» To do
Copy the data that follows, character for character, minus the pictures.

Extracted records:
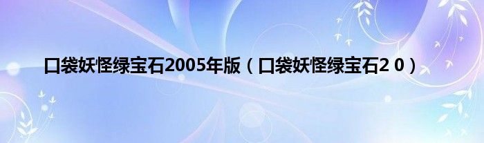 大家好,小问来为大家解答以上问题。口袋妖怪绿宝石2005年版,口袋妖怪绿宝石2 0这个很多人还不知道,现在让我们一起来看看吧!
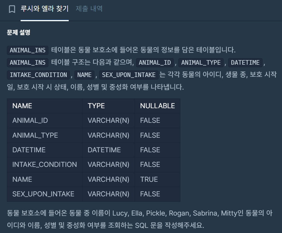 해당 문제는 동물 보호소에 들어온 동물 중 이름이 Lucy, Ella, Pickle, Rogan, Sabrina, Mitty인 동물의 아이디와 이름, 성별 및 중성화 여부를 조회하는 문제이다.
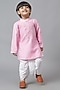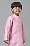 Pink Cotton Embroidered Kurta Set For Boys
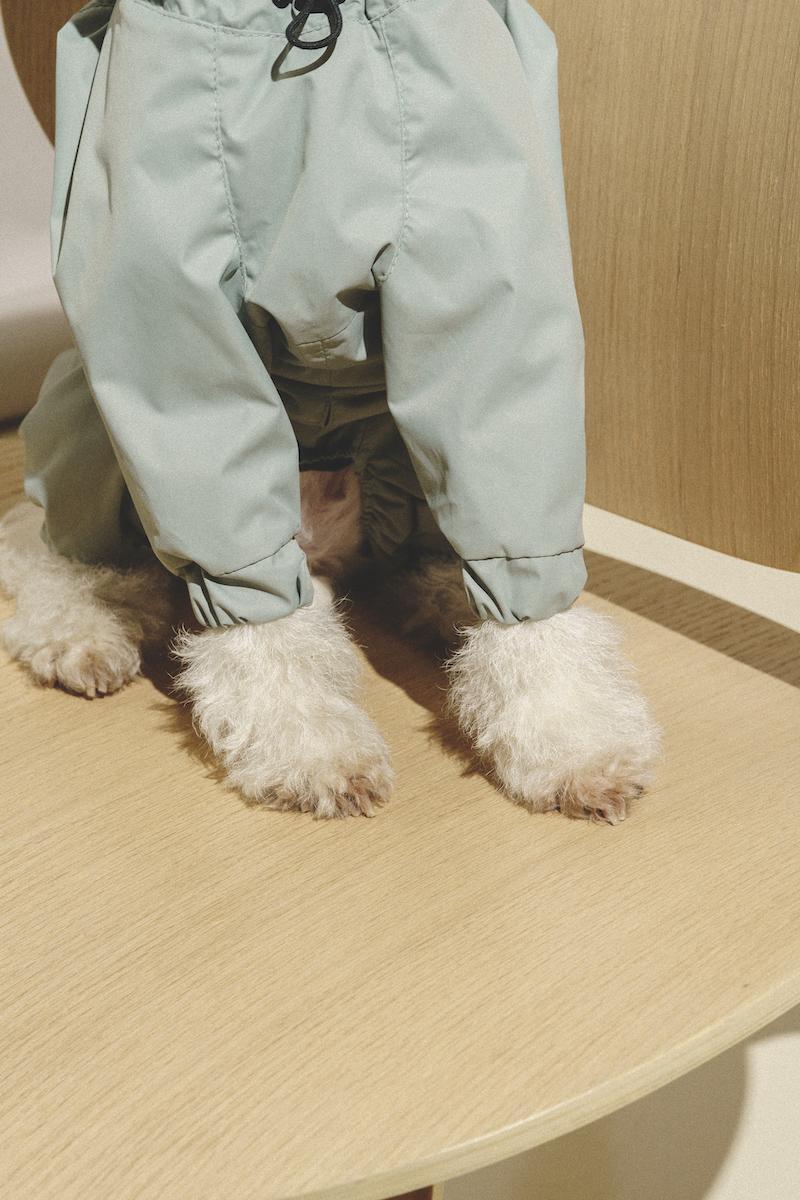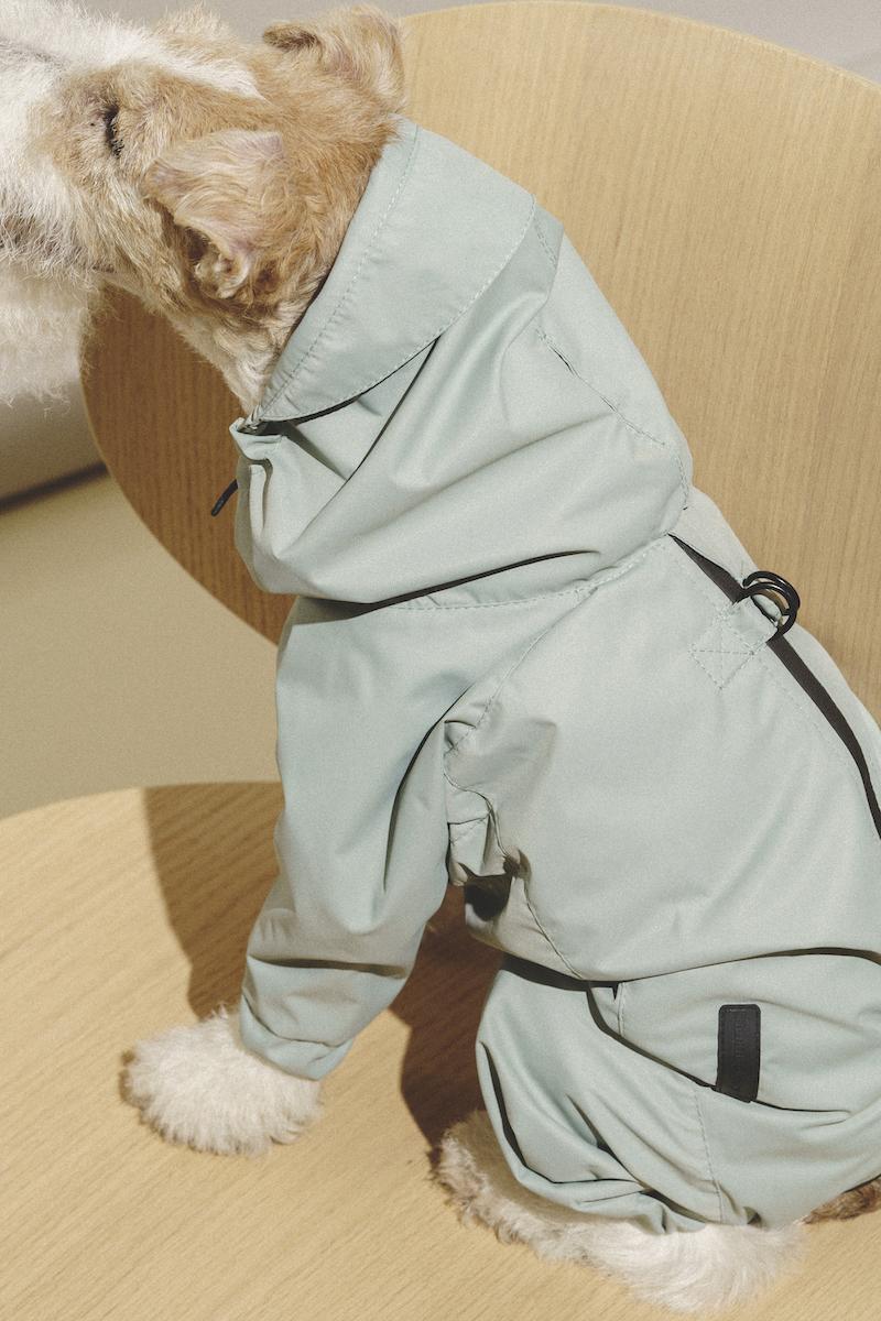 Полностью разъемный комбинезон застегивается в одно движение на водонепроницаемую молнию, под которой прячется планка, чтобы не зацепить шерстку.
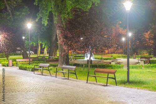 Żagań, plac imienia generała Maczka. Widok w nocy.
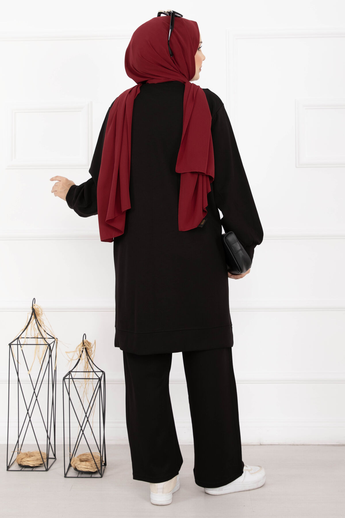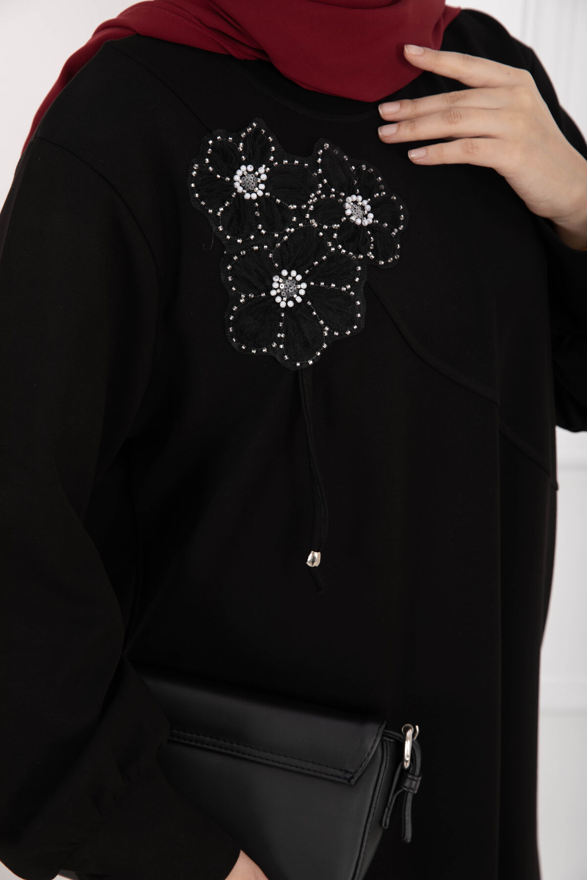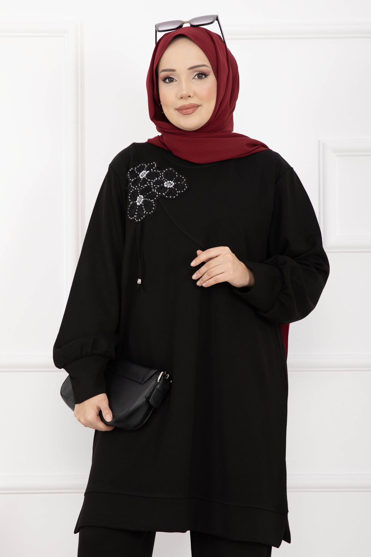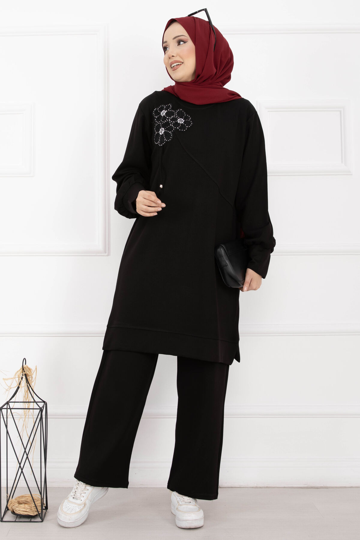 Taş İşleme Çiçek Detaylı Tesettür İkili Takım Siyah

» Exercise response
 大家好,小问来为大家解答以上问题。口袋妖怪绿宝石2005年版,口袋妖怪绿宝石2 0这个很多人还不知道,现在让我们一起来看看吧!
 해당 문제는 동물 보호소에 들어온 동물 중 이름이 Lucy, Ella, Pickle, Rogan, Sabrina, Mitty인 동물의 아이디와 이름, 성별 및 중성화 여부를 조회하는 문제이다.
 Pink Cotton Embroidered Kurta Set For Boys
 Полностью разъемный комбинезон застегивается в одно движение на водонепроницаемую молнию, под которой прячется планка, чтобы не зацепить шерстку.
 Żagań, plac imienia generała Maczka. Widok w nocy.
 Taş İşleme Çiçek Detaylı Tesettür İkili Takım Siyah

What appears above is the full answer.